Monday, July 09, 2001

What's Yours Is Mine

Two recent events have helped me to see how easy it is to mistake familiarity with real knowledge.

I'm not a huge Beatles fan, but I have always liked their songs and I've followed Paul McCartney through the years. He has a kindness in his face that makes him likable to me. I was quite surprised recently when I dreamed that I was on a date with him in NYC. The date was a lot of fun, we were laughing and visiting different places, spending a day exploring. I felt quite awkward, however, as the day went on. I began realizing that I held opinions about Paul's life and character that I had picked up over the years, things that I was suddenly embarrassed to discover while actually in his presence. I thought I understood the nature of his relationship with Lennon, and how he felt about his life pre- and post-Beatles. This assumed knowledge was getting in the way of actually getting to know him! I shared with him what I was feeling, and my awkwardness suddenly at being with him, realizing I know nothing about him, and at the same time, discovering that I thought I knew a lot about him. We laughed, and he told me that he encounters that all of the time--that he considers that sort of false knowledge one of the costs of fame. Once I told him what I was feeling, I began to discover that it was easier to set it aside, and went on to learn about the real man.

When I awoke, I was surprised and shaken up. Using my normal dream analysis tools, I realized that I have always seen Paul as an example of a fully alive and creative person, and that my message to myself was that I was just starting to encounter my own creative core. That was exciting, and seemed to be a personal growth milestone. But I was equally disturbed to realize that so much of what I hold to be true about the world around me is based on assumptions I've made. It's as if I've been connecting the dots of some real information, perhaps, but still not based on real knowledge, first-hand knowledge. I realized that the things I'm familiar with are the things that are most at risk for this sort of false knowledge and intimacy. I carried that feeling of my assumptions crashing against reality, like waves crashing on a cliff, with me for several days.
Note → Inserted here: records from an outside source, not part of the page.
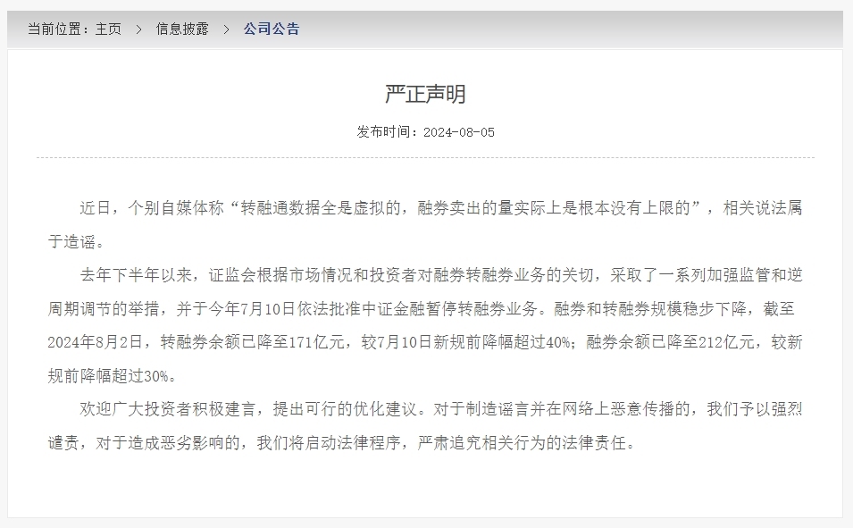 8月5日,中国证券金融股份有限公司(简称“中证金融”)官网午间发布声明称,近日,个别自媒体称“转融通数据全是虚拟的,融券卖出的量实际上是根本没有上限的”,相关说法属于造谣。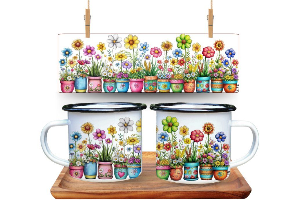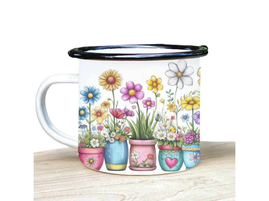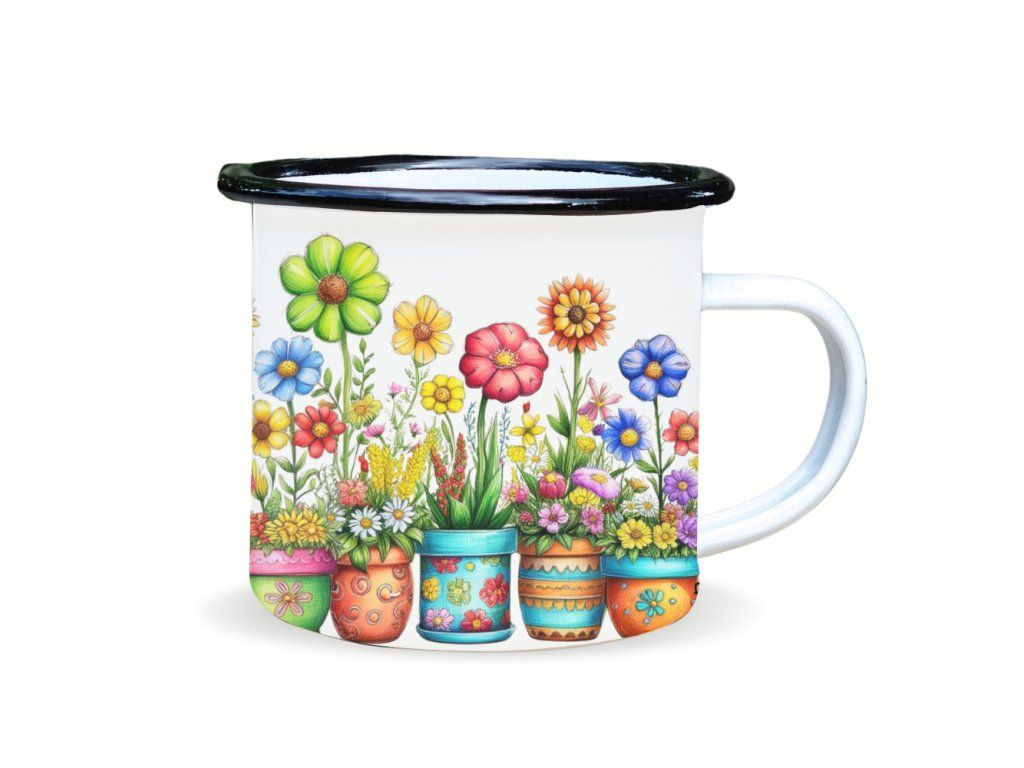 Plecháček s potiskem barevných květin v květináčích je lehký, odolný a ideální na cesty, výlety i každodenní použití. Skvěle se hodí na kávu, čaj i jiné nápoje doma i venku.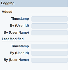 The Logging section consists of two portions, the Added portion and the Last Modified portion. These fields allow you to change or edit the timestamp, user ID and/or user name when the record editor is created and/or when the record editor is modified. They are optional fields.

The second event is something I have observed over the last few weeks. My parents purchased a building nearly 30 years ago to use for a family business. The building is estimated to be more than 150 years old, and started its life as a one room school house. In the 1930s, it was purchased and turned into a residence, and then in the 1970s, my parents converted the residence into a professional office building. Recently, they sold the building and the land to a huge corporate conglomerate who wanted it for the location of a chain retail establishment. This is a big event in their small town, and required many meetings with the zoning commission and the city council before it was approved. The surprise event was the public outcry against tearing down that historic building. People who don't know my family attending the public meeting to express their outrage over the loss of a building they had become used to seeing. Some even claimed that the building was on the National Register of Historic Buildings, which would mean that it could not be torn down. I watched these events unfold with a detached sense of bewilderment, since none of these people had ever been inside the building, they didn't know us, and they had the facts wrong. They had mistaken familiarity with real knowledge. After additional statements from my family, the plans were finally approved, but the loss of this building remains a sore spot in the town's collective consciousness.
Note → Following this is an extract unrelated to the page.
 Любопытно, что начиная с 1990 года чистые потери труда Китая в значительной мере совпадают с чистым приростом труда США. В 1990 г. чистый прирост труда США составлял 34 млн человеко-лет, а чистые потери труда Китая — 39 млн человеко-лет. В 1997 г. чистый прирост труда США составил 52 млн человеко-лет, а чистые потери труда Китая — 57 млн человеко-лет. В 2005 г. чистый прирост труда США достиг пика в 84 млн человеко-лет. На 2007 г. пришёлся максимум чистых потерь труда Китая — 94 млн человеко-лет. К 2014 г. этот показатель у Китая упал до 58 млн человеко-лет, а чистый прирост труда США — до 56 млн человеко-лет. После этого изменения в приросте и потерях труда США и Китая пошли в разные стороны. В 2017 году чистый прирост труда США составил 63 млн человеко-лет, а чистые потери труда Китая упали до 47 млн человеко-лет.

I'm grateful that these experiences have helped me to see myself in a different light, and have cast a shadow of doubt on the truth of my knowledge of things around me. In a sense, I want to toss aside everything I hold as knowledge about the world around me, to see the world with fresh eyes, and only have knowledge based on personal experience. I suspect this kind of purity can't be obtained by making such a decision, but can be facilitated by intending to see the world in a new way, a real way. I have noticed that I question my knowledge occasionally now, that I will evaluate its reliability by asking myself how I came to believe something was true, or came to have this knowledge. These questions raise the awareness of the issue, but I'm not really prepared to analyze everything I think of. There has to be another way to reach this goal.

In fact, the thought of discarding this false knowledge lets me see just how chaotic my world would be without it. It is my assumptions about patterns that allow me to live in a predictable world, where I can plan and set goals, and live in an orderly world where things progress. They also keep my assemblage point focused very close to its current location, since new knowledge only refines what I've already assumed is true about the world.
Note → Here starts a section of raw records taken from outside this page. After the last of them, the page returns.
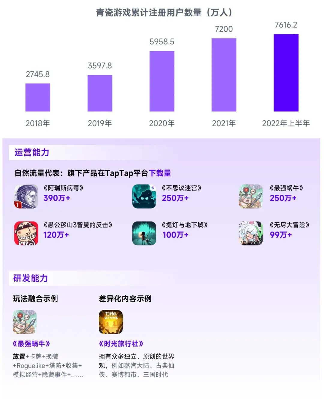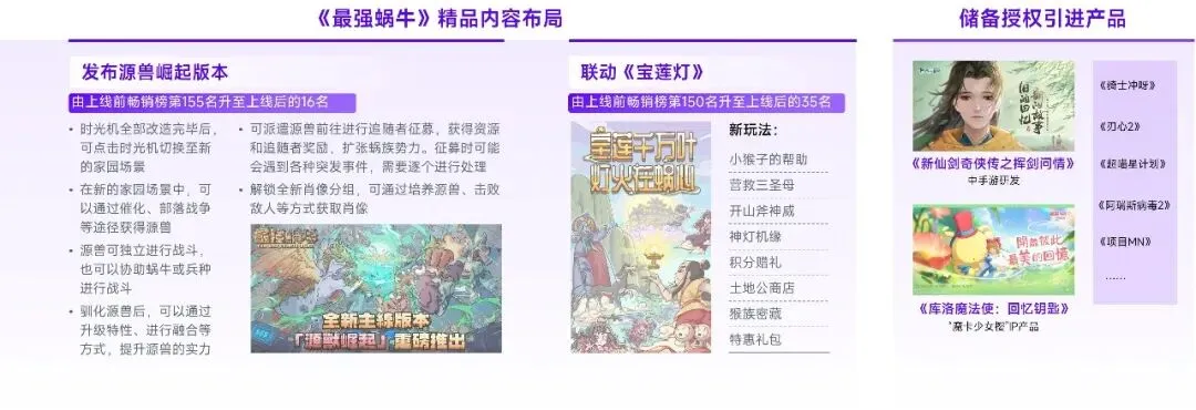 青瓷游戏的发展潜力主要体现在其研运一体能力上。在研发环节,青瓷游戏在玩法融合、差异化内容、数值体系方面拥有较强的把控能力,例如《最强蜗牛》《时光旅行社》等自研产品表现出业内少有的美术风格、世界观,以及诙谐幽默的文字风格,进而以内容创新打造差异化产品特色;在运营能力上,青瓷游戏能够根据游戏玩法特点、渠道特征及玩家自身兴趣等要素定制化每款游戏的运营活动内容,以精细化运营的方式获取了更多自然流量用户,部分用户又沉淀成为了企业粉丝,进而帮助更多产品提升获客能力,例如《使魔计划》在较少买量的情况下市场表现仍较优。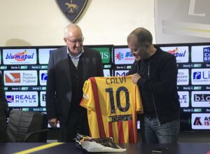 La maglia nr. 10 in dono, quella dei fuoriclasse, un omaggio simbolico per un professionista che per decenni ha raccontato le gesta dei giallorossi. Prima dell’intervista all’allenatore la società di “Via Colonnello Costadura”, ha voluto omaggiare Giuseppe Calvi, storico giornalista leccese della Gazzetta dello Sport che va in pensione.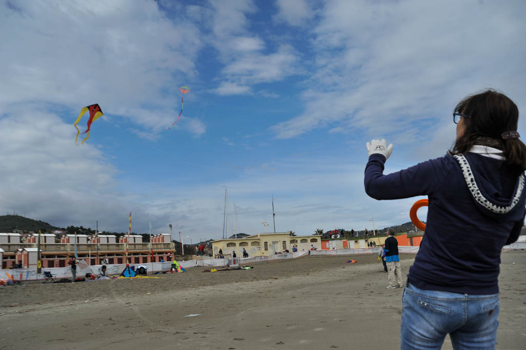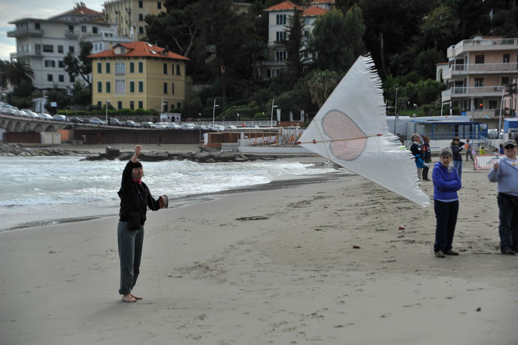 Imperia – “È appena cominciata la 17° edizione di Sol&vento Energia di primavera – spiega Paola Savella – manifestazione che apre le manifestazioni estive del Comune di Imperia. Siamo pronti per accogliere i cittadini imperiesi e i turisti per questa manifestazione. Hanno cominciato già a volare i primi aquiloni in questo momento sono in volo le farfalle dei “Carpe Diem” il gruppo svizzero, fra poco salirà in cielo il bellissimo nuovo progetto di Arnaldo Mazzetto che è questa grossa ruota di quattro metri di diametro che rappresenta un volto di donna di Milo Manara, sono pronti anche il geco, le piovre e i pescioloni dell’ospite d’onore di quest’anno che è il gruppo dei Rate Voloire.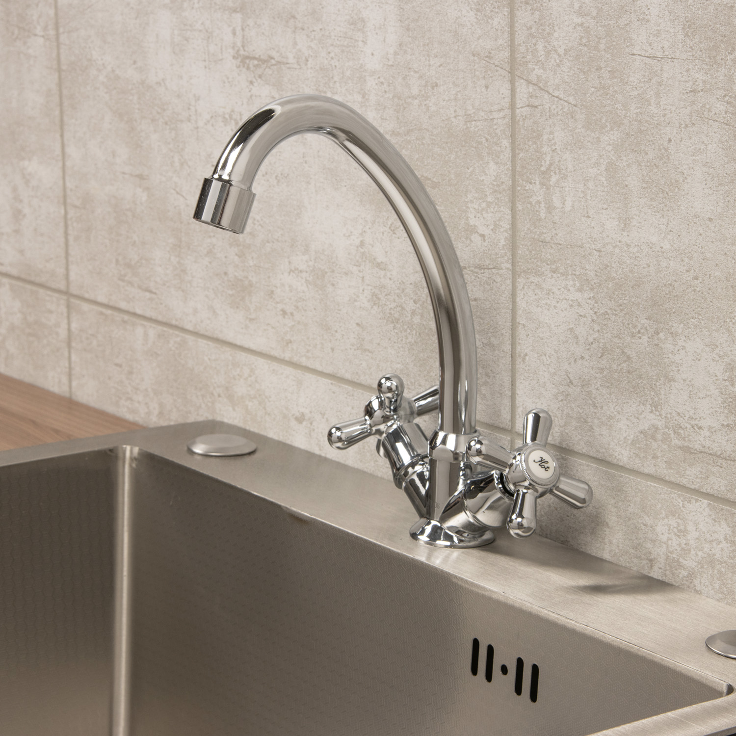 Двухзахватный смеситель RP021A для кухни с крестообразными пластиковыми маховиками типа «P» и вертикальным трубчатым изливом. Кран-буксы латунные с металлокерамическими запорными пластинами. Крепление к столешнице или мойке осуществляется с помощью шпильки, фигурной скобы и прокладок.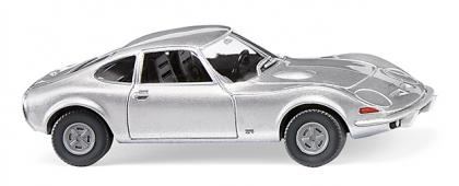 Wer den silber-metallicfarbenen Opel GT vor Augen hat, vergibt auf Anhieb das Prädikat „wertvoll“. Im Glanz der changierenden Karosserie hat das Sportcoupé das gewisse Etwas. So erscheint das Sportcoupé in neuer Farbe und zählt bei WIKING einmal mehr zu den favorisierten Youngtimern im Klassikersortiment. Zwischen 1968 und 1973 sorgte sein Vorbild für Furore – nicht nur wegen seiner serienungewohnten „Schlafaugen“. 103.373 liefen in Bochum vom Band – viele davon gingen in die USA. Der „Grand Tourisme“, kurz GT, war die schlichte Herausforderung an den Wettbewerb, der nicht lange auf sich warten ließ. Karosserie reflexsilber lackiert, Fahrgestell schwarz. Inneneinrichtung und Lenkrad schwarz. Heckscheinwerfer rottransparent eingesetzt. Stoßstangen silbern vorn und hinten eingesetzt, Felgen silbern. Front- und heckseitig Opel-Logo, seitlicher Zierrat mit „GT“-Schriftzug silbern bedruckt, Blinker orange.

In The Art of Dreaming, Castaneda talks about traveling to other realities as the result of a significant shift in the assemblage point location, and how foreign and disorienting these other locations are for him. In the past, I've had significant experiences that have allowed me to remain in this reality and yet to begin to incorporate a bigger world and universe into my ever present awareness. There are some myths surrounding Castaneda's death, with some people believing that he actually took his physical body with him to a different assemblage point reality. I'm not prepared to make that kind of a break with reality myself, but I am curious to explore how I can get past my own assumptions of reality and encounter reality first hand. It seems like an interesting way to live.

As uncomfortable as I felt on my date with Paul, I've started to embrace that awkward feeling as a gift, a new awareness that my thoughts are not in synch with the reality around me in those moments. It's as if I've started to develop a false knowledge detector within my stomach that lets me know when my mind pulls me away from experiencing reality for myself. After living 42 years, there are many things I'm familiar with, and quite a few that I actually have first hand experience with. Perhaps now I am beginning to distinguish between these two.